I have had a Sage barista Pro for only five months and have been really struggling to pull a good shot the last two months. I have studied these forums closely, read the sticky post, various others and watched many YouTube videos, and am now at a loss trying to understand what has happened to seemingly have changed the way it pulls.

I've done all the regular maintenance as and when it has been requested, but feel there is possibly something else I'm doing wrong, or maybe something has happened to the machine to make it not function as it did.

For the first three months I could pull decent shots, with the default burr setting of 6 but the grinder set quite low, around 3 or 4, with 19g of freshly ground coffee (I've only ever ordered from Miles and Rave). Then for some reason these settings started making very bad sour shots with a fast extraction.

I have not done anything differently at all and I just don't understand why this is happening. I've adjusted the burr to 4 now, grinder to 1, and still fast extraction sour shots. Same coffee (newly bought), same weight!

There are further things I can do, like use 20g of coffee, and this does improve things a little by slowing the extraction but the coffee still comes out thin and bubbly, and it just doesn't taste very nice.

The thing that is annoying me is that the machine seems to have changed over a very short time, and I'm just confused as to what may have happened.
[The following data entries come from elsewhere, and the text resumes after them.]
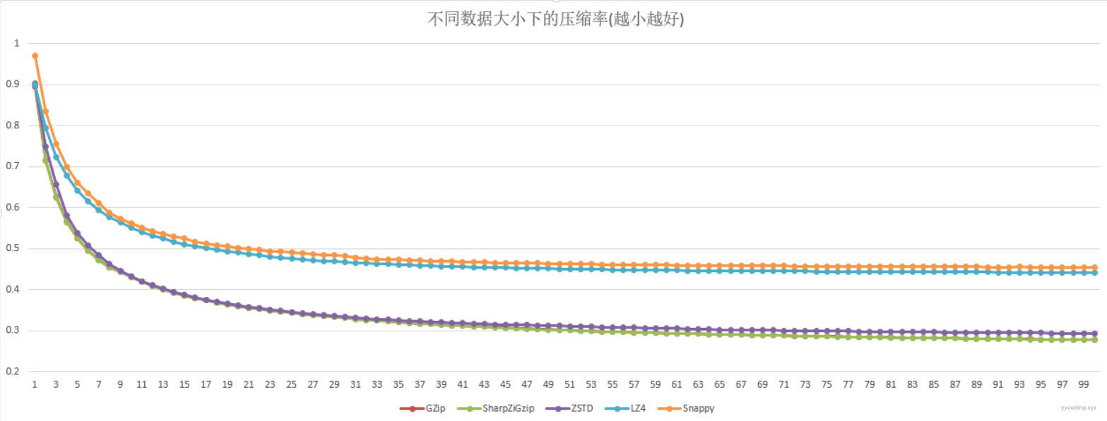 可以看到在压缩率方面,GZip和SharpZipGzip以及Zstd是在一组,LZ4和Snappy在一组,总体而言,前者比后者压缩率要好很多。C#内置的GZip实现、与SharpZip的实现,两者在压缩率方面比较接近,基本差不多。当Size变大时,GZip和SharpZip整体压缩率率比Zstd稍好,大概在9~10倍的FastLevel2大小时,两者比较接近。
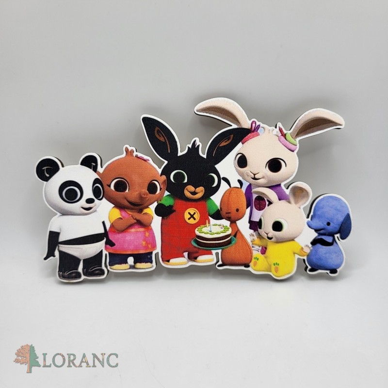 Veselá drevená magnetka s rozprávkovými postavičkami zo seriálu Bing je ideálnou dekoráciou na detské oslavy a narodeninové torty. Magnetka je vyrobená z kvalitnej topoľovej preglejky a spracovaná s dôrazom na detaily, aby zaujala deti aj rodičov.
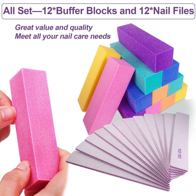 - 24 Pieces Nail Buffers and Files Set: This set includes 12 pieces of nail buffer blocks in 6 colors and 12 pieces of emery board nail files of square shapes. Choose your preferred color and enjoy the versatility of grits and textures for shaping and smooth nails.

Has anyone got any advice on what I can try before I send it back? Thank you.


----------



## ImthatGuy (Dec 4, 2015)

Based on my experience with the Pro:

- It's extremely sensitive to variations in the beans. A factor might be the type/age/storage of your beans. I buy my beans in 1Kg packs (mostly from Rave) and I do sometimes find I have to tweak after I'm about halfway through a pack.

- It's also very sensitive to the tamp. It took me quite a while to get a consistent, reliable technique. Eventually I ended up with a dosing funnel and a coffee distributor/palm tamper. I grind into the port filter with via the funnel, tap a few times to break up any lumps, very light tamp with the built-in Pro tamper, to eliminate spillage, then a full ramp with the distributor.

I hope something in this helps


----------